In hoger beroep heeft appellant gesteld dat zijn klachten door de primaire verzekeringsarts zijn gebagatelliseerd. Appellant heeft aangevoerd dat zijn medische situatie niet dusdanig is verbeterd dat hij weer voldoende belastbaar is om de maatgevende arbeid, die veel van hem heeft gevergd, te hervatten. Appellant is van mening dat de kans dan groot is dat er een terugval zal plaatsvinden en de geringe vooruitgang die hij heeft geboekt teniet wordt gedaan.
4.
De Raad komt tot de volgende beoordeling.
4.1.
Voor het toepasselijke wettelijk kader wordt verwezen naar de onderdelen 3 en 4 van de aangevallen uitspraak. Daaraan wordt toegevoegd dat op grond van artikel 19, vijfde lid, van de ZW ten aanzien van een verzekerde die geen werkgever heeft, onder ongeschiktheid tot het verrichten van zijn arbeid wordt verstaan de ongeschiktheid tot het verrichten van werkzaamheden die bij een soortgelijke werkgever gewoonlijk kenmerkend voor zijn arbeid zijn.
4.2.
Het oordeel van de rechtbank en de daaraan ten grondslag gelegde overwegingen worden onderschreven. De vraag of appellant tijdens het onderzoek door de primaire verzekeringsarts onheus is bejegend kan in het midden blijven. De bezwaarverzekeringsarts heeft een volledige heroverweging gepleegd en heeft voldoende gemotiveerd dat appellant ondanks zijn reële klachten van psychische aard op 28 juli 2011 in staat moet worden geacht te functioneren in de maatgevende arbeid als administrateur bij een andere werkgever. De functie van administrateur is geschikt te achten omdat het gestructureerd, regelmatig werk met duidelijke taakopdrachten, zonder voordurende werkdruk, betreft. Dat de werkdruk bij de vorige werkgever hoog was of dat de sfeer slecht was, speelt voor de geschiktheid voor dat werk geen rol.
4.3.
Het Uwv heeft met een verzekeringsgeneeskundige rapportage van 7 mei 2012 nader gemotiveerd dat de door appellant in hoger beroep overgelegde informatie van de behandelend therapeute M. Schmeits geen nieuwe medische informatie bevat met betrekking tot de psychische belastbaarheid van appellant op de datum in geding. In de brief van
11 april 2012 heeft de therapeute Schmeits een verwachting uitgesproken dat een te hoge werkdruk de voortgang van de therapie kan belemmeren.
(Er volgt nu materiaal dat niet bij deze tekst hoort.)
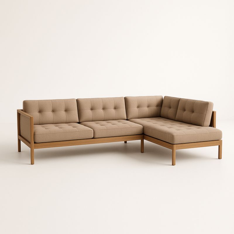 Canapé d'angle tissu brun chêne massif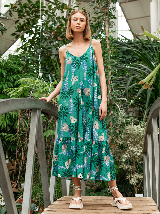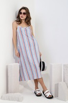 По низу сарафана отрезная широкая рюша. Сарафан длиной миди.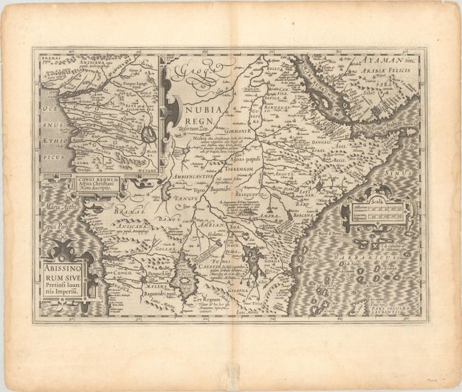 The legendary kingdom of the Christian Prester John is the central focus of this impressive map of central Africa. It is cartographically similar to Ortelius' map, based on the travels of the Portuguese explorer Francisco Alveres, who searched for the mythical kingdom in 1520. The kingdom itself is shown atop the Amara Mons in the region that Alveres encountered the Coptic Christian ruler David II. The large inset of the Congo region, also based on Ortelius, illustrates the travels of another Portuguese explorer, Duarte Lopez. The Nile is shown with its source in the Ptolemaic twin lakes of Zaire and Zaflan, at the foot of the Mountains of the Moon (Lunae Montes). The stunning sheet is graced with strapwork title and scale of miles cartouches and a bold moire patterned sea. Latin text on verso.
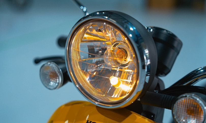 Đèn chiếu sáng phía trước của xe đều dạng tròn và bóng halogen truyền thống. Ốp viền mạ crôm xung quanh đèn pha tạo điểm nhấn.

Met de bezwaarverzekeringsarts wordt echter vastgesteld dat in het kader van een ziektewetbeoordeling geen uitspraak behoeft te worden gedaan over een therapie die op 28 juli 2011 nog niet aan de orde was.
4.4.
In de in hoger beroep door appellant overgelegde WSW-indicatie van 2 augustus 2012 wordt evenmin aanleiding gezien om tot een andersluidend oordeel te komen, nu deze indicatie in een ander kader is gegeven dan de beoordeling in het kader van de ZW en betrekking heeft op een periode van ruim na datum in geding. Dit geldt eveneens voor de keuring van 6 december 2011 naar aanleiding van een verzoek om studiekostenvergoeding in het kader van een loopbaantraject.
5.
Uit de overwegingen 4.1 tot en met 4.4 volgt dat het hoger beroep niet slaagt en dat de aangevallen uitspraak dient te worden bevestigd.
6.
Er is geen aanleiding voor een proceskostenveroordeling.

BESLISSING

De Centrale Raad van Beroep bevestigt de aangevallen uitspraak.
Deze uitspraak is gedaan door H.G. Rottier, in tegenwoordigheid van J.R. Baas als griffier. De beslissing is uitgesproken in het openbaar op 31 juli 2013.